The FASB sets accounting standards for companies, both public and private, and not-for-profit organisations, while the GASB sets standards for state and local governments. The PIR process is intended to assist the FAF’s board of trustees with their ongoing efforts to evaluate the effectiveness of the standard-setting process for both the FASB and the GASB.
The standards selected for review are:
- FASB Statement No. 141R, Business Combinations (FAS 141R) – requires an acquiring organisation to recognise the assets acquired, the liabilities assumed, and any non-controlling interest in the acquired organisation at the acquisition date, measured at their fair values as of that date, with limited exceptions.
- FASB Statement No. 131, Disclosures about Segments of an Enterprise and Related Information (FAS 131) – requires that public companies report financial and descriptive information about their reportable operating segments.

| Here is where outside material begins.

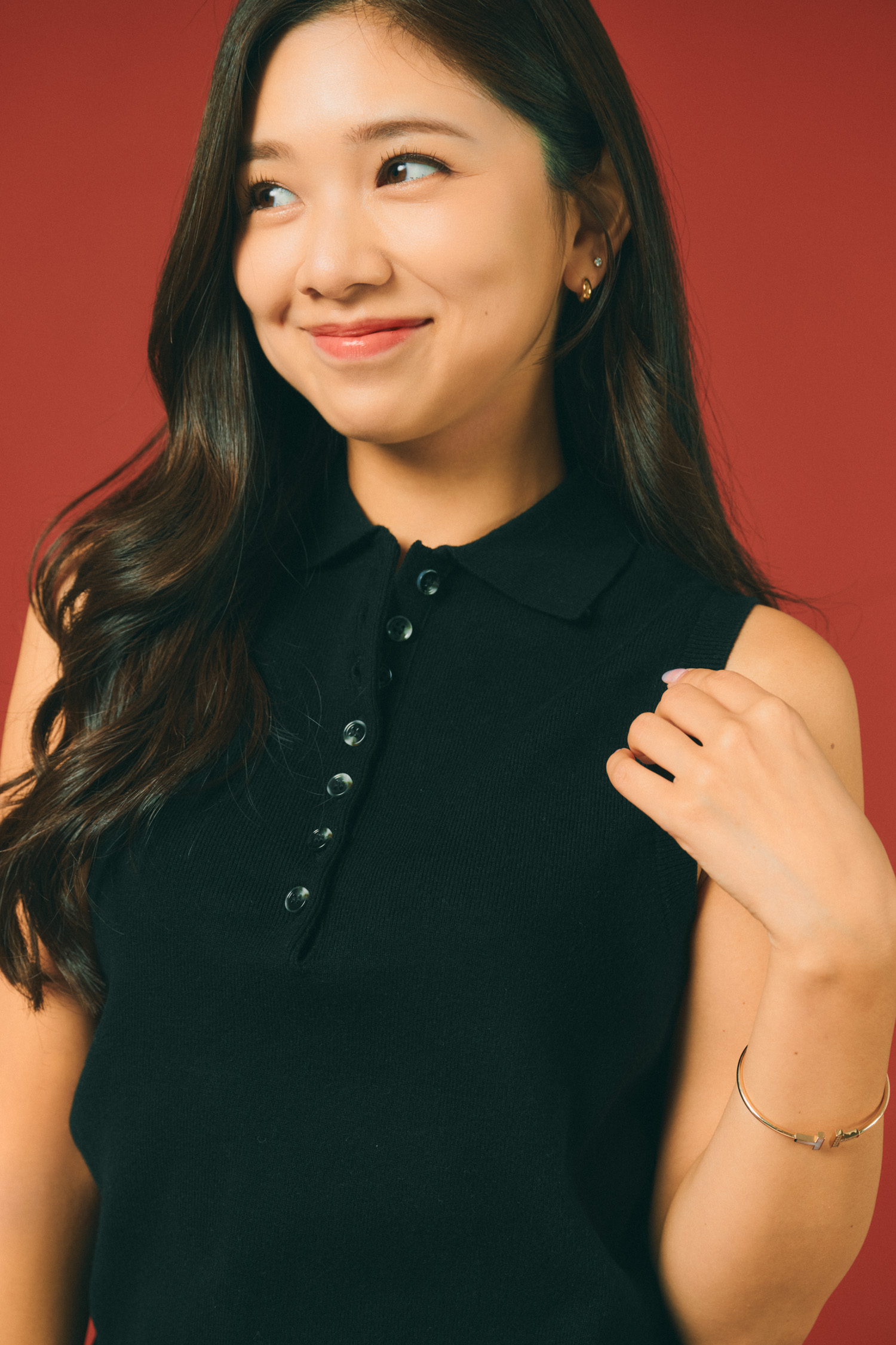 「先月購入したこのトップスは、襟付きのニット素材できちんと見えするのがお気に入り。フォーマル感があるので通勤にも使えるし、ジャケットを羽織ればクライアント対応もOK。休日はミニスカートを合わせると、女っぽい雰囲気になります。季節の変わり目にちょうどよくて、買って大正解でした!」

- GASB Statements No. 3, Deposits with Financial Institutions, Investments (including Repurchase Agreements), and Reverse Repurchase Agreements, and No. 40, Deposit and Investment Risk Disclosures – require note disclosures about deposits and investments, including related credit risks. In addition, Statement 3 also provides accounting guidance for repurchase and reverse repurchase agreements.

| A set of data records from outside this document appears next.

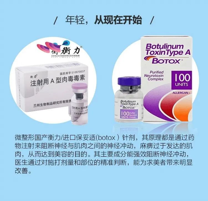 在本系列上篇文章中提到目前轻医美项目中药物注射最受欢迎,本文就主要跟大家唠唠另一种火热程度仅次于玻尿酸注射的项目——肉毒素注射。肉毒素注射可以说是让25岁以后的女生心生喜又生惧的项目,一方面,经受过岁月洗礼的女性通过注射肉毒素可以抹平被岁月亲吻的痕迹,雕塑面部、腿部、肩部线条;另一方面求美者会担心肉毒素注射不当造成面部肌肉僵硬,适得其反。
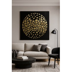 Название: «Золотой вихрь». Размер: 100 x 100 см. Техника: рельефная живопись с позолотой. Эта потрясающая картина представляет собой абстрактный вихрь фактурных золотых элементов на глубоком черном фоне. Композиция из многочисленных золотых фрагментов, напоминающих драгоценные камни или металлические детали, создает ощущение движения и роскоши. Картина идеально впишется в современный интерьер, добавив элегантности и изысканности любому помещению. Благодаря своему размеру 100 x 100 см, она идеально подойдет в качестве центрального элемента гостиной, спальни или офиса. Уникальная текстура и игра света на золотых поверхностях делают эту картину настоящим произведением искусства для ценителей эксклюзивного декора. Стоимость картины – 600 евро. Я также создаю похожие картины любого размера на заказ.
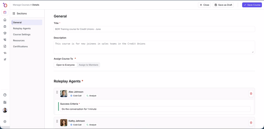 An SDR and an enterprise AE need completely different practice scenarios. A new hire needs a different track than an experienced rep going through a messaging refresh. Build separate courses for each role and situation. The marginal effort of building two courses instead of one is much lower than the cost of training people on scenarios that do not match their job.

“The FASB and GASB standards selected for post-implementation review represented significant and important accounting changes when issued and continue to provide important information today to investors, stakeholders, and other users,” said FAF chairman John Brennan. “We look forward to assessing whether the intended financial reporting objectives underlying these standards are being met, while also obtaining stakeholder feedback on the application, usefulness, and effectiveness of these standards set by our boards.”